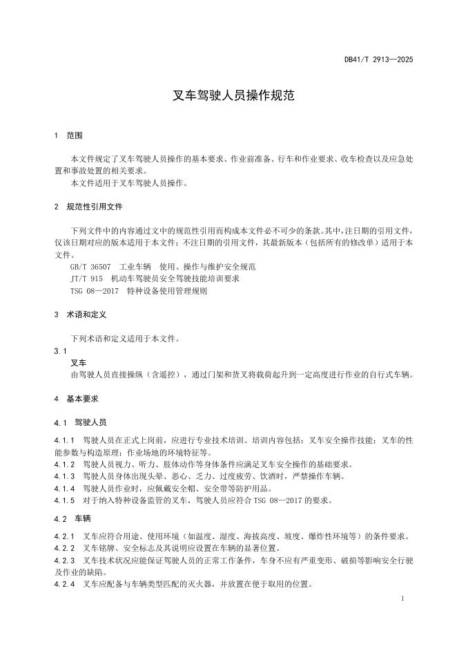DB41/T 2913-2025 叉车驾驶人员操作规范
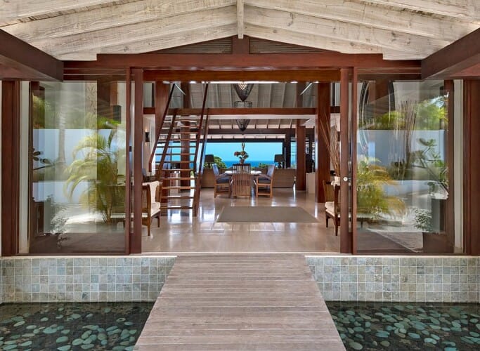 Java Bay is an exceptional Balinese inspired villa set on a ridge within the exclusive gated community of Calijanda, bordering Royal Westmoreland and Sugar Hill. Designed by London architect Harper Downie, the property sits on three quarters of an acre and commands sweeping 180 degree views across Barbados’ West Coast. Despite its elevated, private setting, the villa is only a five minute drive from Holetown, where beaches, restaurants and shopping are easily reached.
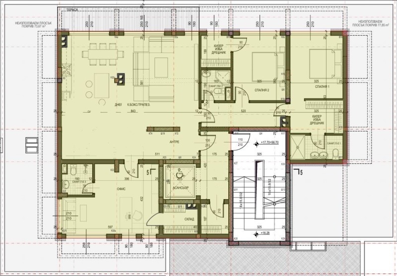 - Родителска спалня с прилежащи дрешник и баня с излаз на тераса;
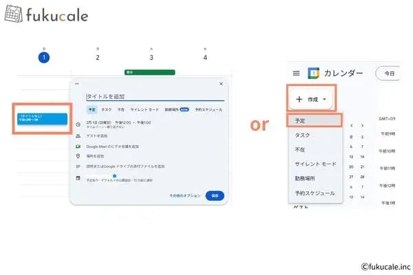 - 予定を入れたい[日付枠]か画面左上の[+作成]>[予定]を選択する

**********

**WHAT THE TASK REQUIRES**
Please reproduce nothing but the lines from the one containing "Java Bay is" through the closing line of the listing, retyped word for word, pictures excluded.

**EXERCISE SOLUTION**
 Java Bay is an exceptional Balinese inspired villa set on a ridge within the exclusive gated community of Calijanda, bordering Royal Westmoreland and Sugar Hill. Designed by London architect Harper Downie, the property sits on three quarters of an acre and commands sweeping 180 degree views across Barbados’ West Coast. Despite its elevated, private setting, the villa is only a five minute drive from Holetown, where beaches, restaurants and shopping are easily reached.
 - Родителска спалня с прилежащи дрешник и баня с излаз на тераса;
 - 予定を入れたい[日付枠]か画面左上の[+作成]>[予定]を選択する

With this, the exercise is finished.